Считается, что семья помогает в невзгодах, но Фёдора, когда лежал – неудачи только отделяли. В тайге его будоражило единственное: вокруг столько дармового, неучтённого, волшебно живого, что можно пустить в свою пользу, продать или обратить в закуску и раздарить нужным людям. И что он без свидетелей с этими драгоценностями, и в этом особая тайна, личная, прительная и ничуть не менее интересная, чем семейная. И свои счёты-расчёты, что можно превратить столько-то оленей, соболей или рыбин в снегоход или лодку. Или машину. И довершалось это умением не только добыть, а ещё и пристроить. Это и давало азарт, и становилось целью, и нарастало самолюбием, что поди руки-то из места растут, и добыть умеем, и договориться, и отношения выстроить с миром, пусть грешным, но нужным. И вообще мы мужики крепкие, у нас и дома всё крепко, так что перед людями не стыдно. И жена – тоже часть крепости, хозяйства, завода. Со своими, конечно, бабьими немощами-странностями, но тут уж «чо поделашь». Вон Шектамакан вроде лучший охотник, а бывает, так «евоная» выведет из себя, что фыркает потом неделю, что «никово баба не понимат».

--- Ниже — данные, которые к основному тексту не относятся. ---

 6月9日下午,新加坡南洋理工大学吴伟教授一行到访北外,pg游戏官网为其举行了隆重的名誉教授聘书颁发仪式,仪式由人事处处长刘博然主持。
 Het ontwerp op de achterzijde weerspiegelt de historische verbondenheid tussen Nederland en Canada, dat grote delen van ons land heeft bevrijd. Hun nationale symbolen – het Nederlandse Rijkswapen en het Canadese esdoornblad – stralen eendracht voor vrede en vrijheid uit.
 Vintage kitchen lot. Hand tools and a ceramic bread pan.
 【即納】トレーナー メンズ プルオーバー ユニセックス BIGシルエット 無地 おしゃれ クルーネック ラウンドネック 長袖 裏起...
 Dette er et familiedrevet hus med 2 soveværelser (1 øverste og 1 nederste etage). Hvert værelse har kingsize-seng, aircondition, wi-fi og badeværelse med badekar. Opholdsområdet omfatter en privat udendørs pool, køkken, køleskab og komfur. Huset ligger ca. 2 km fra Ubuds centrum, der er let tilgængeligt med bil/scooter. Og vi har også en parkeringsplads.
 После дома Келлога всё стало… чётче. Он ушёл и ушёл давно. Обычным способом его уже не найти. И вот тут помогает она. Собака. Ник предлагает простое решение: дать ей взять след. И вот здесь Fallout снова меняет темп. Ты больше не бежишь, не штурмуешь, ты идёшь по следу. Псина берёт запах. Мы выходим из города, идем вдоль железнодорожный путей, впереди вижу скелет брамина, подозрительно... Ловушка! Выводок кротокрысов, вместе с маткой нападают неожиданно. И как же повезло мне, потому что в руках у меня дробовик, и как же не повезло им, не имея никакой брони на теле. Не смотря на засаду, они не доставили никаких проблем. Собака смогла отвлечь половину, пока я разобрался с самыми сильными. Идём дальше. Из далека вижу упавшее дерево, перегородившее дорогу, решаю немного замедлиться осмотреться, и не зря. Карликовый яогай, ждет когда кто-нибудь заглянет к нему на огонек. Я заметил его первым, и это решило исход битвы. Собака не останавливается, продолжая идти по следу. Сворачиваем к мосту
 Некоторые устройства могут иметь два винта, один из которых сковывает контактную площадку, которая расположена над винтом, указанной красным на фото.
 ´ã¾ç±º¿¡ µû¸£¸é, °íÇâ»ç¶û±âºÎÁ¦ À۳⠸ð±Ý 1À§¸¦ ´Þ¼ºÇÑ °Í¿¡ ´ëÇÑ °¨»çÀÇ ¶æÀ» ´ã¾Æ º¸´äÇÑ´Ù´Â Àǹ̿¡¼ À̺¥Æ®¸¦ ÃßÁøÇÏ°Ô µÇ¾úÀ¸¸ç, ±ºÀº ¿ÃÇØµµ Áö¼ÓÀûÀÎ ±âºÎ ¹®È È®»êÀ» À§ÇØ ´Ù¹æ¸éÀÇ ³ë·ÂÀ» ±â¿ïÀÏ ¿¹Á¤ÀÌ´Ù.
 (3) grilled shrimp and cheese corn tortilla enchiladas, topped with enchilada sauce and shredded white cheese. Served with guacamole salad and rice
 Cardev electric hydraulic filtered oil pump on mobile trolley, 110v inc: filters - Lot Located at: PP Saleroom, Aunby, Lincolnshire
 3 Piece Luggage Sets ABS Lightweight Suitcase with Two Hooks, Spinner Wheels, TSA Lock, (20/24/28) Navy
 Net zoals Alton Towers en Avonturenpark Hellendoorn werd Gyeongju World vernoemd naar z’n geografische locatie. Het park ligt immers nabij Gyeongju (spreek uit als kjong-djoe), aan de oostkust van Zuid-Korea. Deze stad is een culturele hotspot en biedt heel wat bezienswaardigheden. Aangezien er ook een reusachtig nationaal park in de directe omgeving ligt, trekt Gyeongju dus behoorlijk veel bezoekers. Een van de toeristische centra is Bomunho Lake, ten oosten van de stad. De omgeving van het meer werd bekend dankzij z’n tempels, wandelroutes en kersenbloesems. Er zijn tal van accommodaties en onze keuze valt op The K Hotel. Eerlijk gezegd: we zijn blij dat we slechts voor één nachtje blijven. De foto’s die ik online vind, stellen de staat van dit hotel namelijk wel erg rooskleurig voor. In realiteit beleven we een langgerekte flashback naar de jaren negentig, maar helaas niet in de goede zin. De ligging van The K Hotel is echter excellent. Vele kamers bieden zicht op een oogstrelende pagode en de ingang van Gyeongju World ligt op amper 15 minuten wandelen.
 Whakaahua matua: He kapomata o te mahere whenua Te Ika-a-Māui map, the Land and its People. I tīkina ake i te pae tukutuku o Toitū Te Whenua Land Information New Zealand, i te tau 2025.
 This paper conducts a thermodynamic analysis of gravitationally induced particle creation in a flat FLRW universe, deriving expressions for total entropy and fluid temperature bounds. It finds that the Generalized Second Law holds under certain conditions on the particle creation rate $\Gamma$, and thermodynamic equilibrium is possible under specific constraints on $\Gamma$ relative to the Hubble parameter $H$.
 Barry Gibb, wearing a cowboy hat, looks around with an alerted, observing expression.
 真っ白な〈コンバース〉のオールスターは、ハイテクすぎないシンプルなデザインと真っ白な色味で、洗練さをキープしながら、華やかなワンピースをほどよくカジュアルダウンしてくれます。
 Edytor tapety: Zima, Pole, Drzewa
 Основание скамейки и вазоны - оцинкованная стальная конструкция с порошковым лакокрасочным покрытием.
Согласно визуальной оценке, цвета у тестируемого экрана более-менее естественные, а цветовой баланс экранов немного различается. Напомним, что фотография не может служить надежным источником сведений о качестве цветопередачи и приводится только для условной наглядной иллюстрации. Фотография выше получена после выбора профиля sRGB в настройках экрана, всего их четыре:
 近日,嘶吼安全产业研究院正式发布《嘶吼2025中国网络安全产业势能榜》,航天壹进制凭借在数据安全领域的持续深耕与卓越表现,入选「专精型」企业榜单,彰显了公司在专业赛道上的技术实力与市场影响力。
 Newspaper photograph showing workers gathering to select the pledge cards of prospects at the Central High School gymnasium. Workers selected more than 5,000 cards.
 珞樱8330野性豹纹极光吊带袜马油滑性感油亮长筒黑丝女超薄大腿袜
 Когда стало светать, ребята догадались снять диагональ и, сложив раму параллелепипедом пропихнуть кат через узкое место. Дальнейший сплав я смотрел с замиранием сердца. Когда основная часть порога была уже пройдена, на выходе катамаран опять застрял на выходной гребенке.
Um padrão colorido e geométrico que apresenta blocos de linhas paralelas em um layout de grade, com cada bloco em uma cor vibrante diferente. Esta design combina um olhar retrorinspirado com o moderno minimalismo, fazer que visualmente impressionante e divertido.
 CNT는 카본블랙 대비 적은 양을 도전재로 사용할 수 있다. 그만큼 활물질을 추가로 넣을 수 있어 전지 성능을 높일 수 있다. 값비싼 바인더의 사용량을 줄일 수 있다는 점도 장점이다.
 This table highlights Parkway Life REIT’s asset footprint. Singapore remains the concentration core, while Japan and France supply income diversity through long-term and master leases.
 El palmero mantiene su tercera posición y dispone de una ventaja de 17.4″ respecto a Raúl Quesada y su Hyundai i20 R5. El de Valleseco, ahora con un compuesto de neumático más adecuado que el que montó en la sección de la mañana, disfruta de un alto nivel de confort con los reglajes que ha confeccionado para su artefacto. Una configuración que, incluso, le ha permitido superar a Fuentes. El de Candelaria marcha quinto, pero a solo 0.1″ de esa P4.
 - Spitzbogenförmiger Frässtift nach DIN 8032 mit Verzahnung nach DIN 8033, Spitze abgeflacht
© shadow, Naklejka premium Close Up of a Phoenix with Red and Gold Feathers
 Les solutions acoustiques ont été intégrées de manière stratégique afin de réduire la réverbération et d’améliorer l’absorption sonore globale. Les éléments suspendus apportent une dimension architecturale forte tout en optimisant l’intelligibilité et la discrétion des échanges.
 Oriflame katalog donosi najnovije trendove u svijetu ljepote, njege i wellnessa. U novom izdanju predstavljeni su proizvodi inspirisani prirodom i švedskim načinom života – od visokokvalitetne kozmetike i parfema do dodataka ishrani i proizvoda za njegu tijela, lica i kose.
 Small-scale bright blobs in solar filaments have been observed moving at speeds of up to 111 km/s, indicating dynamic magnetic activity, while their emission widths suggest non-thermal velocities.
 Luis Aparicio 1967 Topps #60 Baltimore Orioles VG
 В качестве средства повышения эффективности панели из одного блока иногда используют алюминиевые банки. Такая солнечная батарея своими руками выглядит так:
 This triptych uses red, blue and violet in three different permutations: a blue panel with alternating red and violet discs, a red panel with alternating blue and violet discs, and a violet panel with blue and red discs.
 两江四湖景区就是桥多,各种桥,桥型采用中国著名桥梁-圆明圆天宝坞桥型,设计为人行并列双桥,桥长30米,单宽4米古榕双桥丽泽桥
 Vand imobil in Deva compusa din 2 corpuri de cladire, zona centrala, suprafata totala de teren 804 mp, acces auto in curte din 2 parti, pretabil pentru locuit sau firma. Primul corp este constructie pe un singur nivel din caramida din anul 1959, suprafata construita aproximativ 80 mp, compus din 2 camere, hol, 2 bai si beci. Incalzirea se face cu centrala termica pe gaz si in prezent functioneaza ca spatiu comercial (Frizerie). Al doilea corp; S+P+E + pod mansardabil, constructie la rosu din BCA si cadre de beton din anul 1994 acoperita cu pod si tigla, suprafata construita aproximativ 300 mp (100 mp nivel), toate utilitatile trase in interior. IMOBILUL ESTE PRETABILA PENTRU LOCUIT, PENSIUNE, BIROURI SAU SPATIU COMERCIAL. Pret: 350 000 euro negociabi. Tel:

Фёдору в голову не приходило, что Шектамакан только на людях харахорился, и целая жизнь шла у него в семействе. Что когда дома, то с женой ездит неразлучно и по сети, по черемшу, по ягоду, и не потому что считает жену куском завода, а потому что она значит не меньше, чем вся тайга вместе взятая. А если и порыкивал на неё из избушки, то вовсе по другим причинам. Чтоб не сбивала с колеи, с круга, с таким трудом выстроенного. Потому что если о жене будешь думать, то с ума сойдёшь и прощай, промысел. Поэтому проще подморозить чувство, на лабазок вытащить из зимовья и понадёжней прибрать, чтоб мыши не попортили. Правда, в нелёгкий миг не выдержит охотник, занесёт узелок, оттает – и такое навалится, хоть, правда, «домой бежи».
У Фёдора было как? Претило большие чувства вкладывать в семью, и всё домашне-тёплое, сонно-молочное, где он расслаблялся и терял хватку, казалось враждебным работе, чем-то стыдным, говорящим о слабости. Другие-то мужики млели от тёпло-молочного и только на людях гонор разводили, а Фёдор всё принимал за чистую монету и за признак силы, которой самому не хватало. И когда окунался в молочное тайное – стыдно было, и жену предавал, будто вечный Шектамакан или Перевальный стоял над ним, стоял и следил – настоящий он мужик или нет. А если вдруг жена напортачила в хозяйстве или по связи несуразность вывезла – то краснел от стыда: опозорила.
Анфиса спросила по связи совета, мол, не знаю, что с нетелью делать. Спросила неумело, стесняясь всех тех, кто слышит, и от этого хуже сбиваясь. И не к месту повторяя: «Как понял, приём». А Фёдор отрезал: «Ты давай, это, хозяйка, сама решай с нетелью». А она тогда про Деюшку что-то пролепетала, что он избушку и собачку нарисовал, а Фёдор закруглил, оборвал почти, мол, ну ладно, ладно, хватит тут нежности разводить. «Всё, до связи».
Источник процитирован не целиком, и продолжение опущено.